Isabelle, à son mari
Et toi, tu ne dis rien?
Mme du Mouillard
Violée, à mon âge !...
Isabelle, à son mari
Eh bien, répondras-tu?
Ernest
J'avoue.
Isabelle
Tu as voulu prendre de force ma mère?...
Ernest
Comme un bastion.
Isabelle
Misérable !...
Octave, à part
Le drame commence.
Isabelle, à Octave
Mais pourquoi, Monsieur Octave, pourquoi ?
Octave
Ça, je me le demande.
Mme du Mouillard, à part
Insolent !
Isabelle, à Ernest
?...
Et toi... m'expliqueras-tu Pourquoi?...
Ernest, bravement
Parce que je l'aime, et qu'il me la faut
Isabelle
Tu aimes maman, toi?...
Ernest
Hélas !

Isabelle
Maman, ma rivale !... Ce n'est pas possible !...
Ernest
Cela est.
Isabelle
Alors?...
Ernest
Eh bien, ma fille, il faut divorcer. Je veux épouser ta mère...
Il me la faut, il me la faut.
Isabelle
Divorcer ?...Tu n'y penses pas !...
Ernest
J'y pense au contraire, avec énergie.
Isabelle, en larmes
Mais je t'aime, moi... je t'aime... c'est fou...
Ernest
Je sais bien... seulement... tant que ta mère sera là... entre
nous... je ne verrai plus qu'elle... je n'aimerai plus qu'elle.
Octave
Oh le roublard !...
!

Mme du Mouillard, passe 3


Supposez-vous que je veuille rester encore ici?... Je pars,
Monsieur, je pars !

Ernest, à part
Enfin !...
Mme du Mouillard, criant
Euphémie ! allez me chercher une voiture.
Euphémie, coulisse, 1er plan droite
Bien, Madame.
Mme du Mouillard, à sa fille, qui ne bouge pas
Ne me retiens pas, mon enfant. Non, non, c'est inutile. Je dois
me sacrifier à ton bonheur.
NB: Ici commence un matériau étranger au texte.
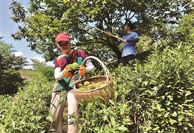 在所前镇李家村的山间栗林里,一串串裹着尖刺的板栗球挂满枝头。连日来,村里的农户们手持长竹竿,穿梭在栗林间,奏响了秋日里的丰收乐章。
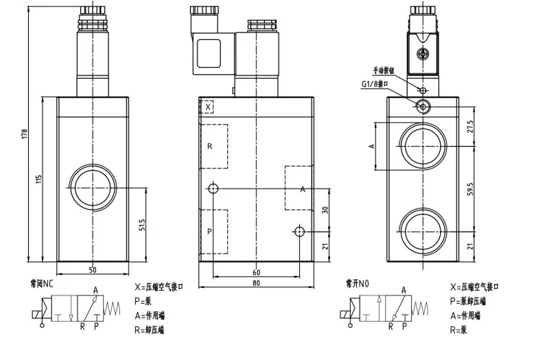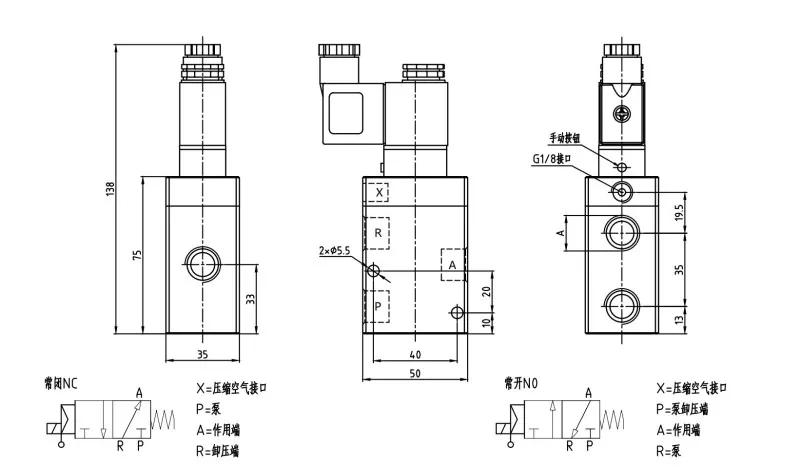 VU07 वैक्यूम सोलनॉइड वाल्व 3 वे प्रतीक

N'insiste pas, te dis-je. Mon cœur de
mère ne saurait résister à tes prières. Laisse-moi, laisse-moi : il le
faut, Ne m'attendris pas par tes larmes. Et vous, Monsieur mon
gendre, pas un mot. Je vous demande seulement de rendre ma
fille heureuse. Et pour vous arrcher à jamais du cœur la passion
funeste que j'y ai fait involontairement naître, je vous déclare
que vous me voyez aujourd'hui pour la dernière fois.
Ernest
Vrai?
Mme du Mouillard
Sur mon honneur de du Mouillard.
Ernest, s'affaissant dans un fauteuil
Ah je m'évanouis... (Il se trouve mal. A lui-même) de joie...
!

Isabelle
Comme il l'aime !...
Mme du Mouillard, à elle-même
Pauvre garçon.
Octave, tapant dans les mains d'Ernest, passe 3
Reviens à toi, mon vieux.
Ernest, bas à Octave
Attends qu'elle soit partie.
Octave
Ah bon !... (Il lui tape toujours dans les mains.)
!

Mme du Mouillard
Adieu, ma fille... (Elle l'embrasse.)
Isabelle, froidement
Adieu, maman.
Ernest, à Octave
Tape moins fort, mon vieux.
Euphémie (3), entrant du 1er plan droite
La voiture est en bas. (Elle sort 1er plan droite.)
Mme du Mouillard, à sa fille
Je t'enverrai mon adresse : tu me feras parvenir mes affaires.
Isabelle, même jeu
Oui, oui... je t'accompagne. (A Octave.) Occupez-vous de lui.
Octave
Soyez sans crainte.
(Elles sortent fond, 3e plan droite.)
Isabelle, à sa mère
Passe, maman.

SCÈNE VI
Octave, Ernest
Ernest, se redressant comme mû par un ressort, passe à gauche 1
Partie?
Octave (2)
Partie.
Ernest, fou de joie, exultant
Ah Octave !... Ah mon vieux !...Ah c'est à devenir fou de
! ! !

joie !... Tiens, vois, j'en pleure. (Il pleure bruyamment.) Ah !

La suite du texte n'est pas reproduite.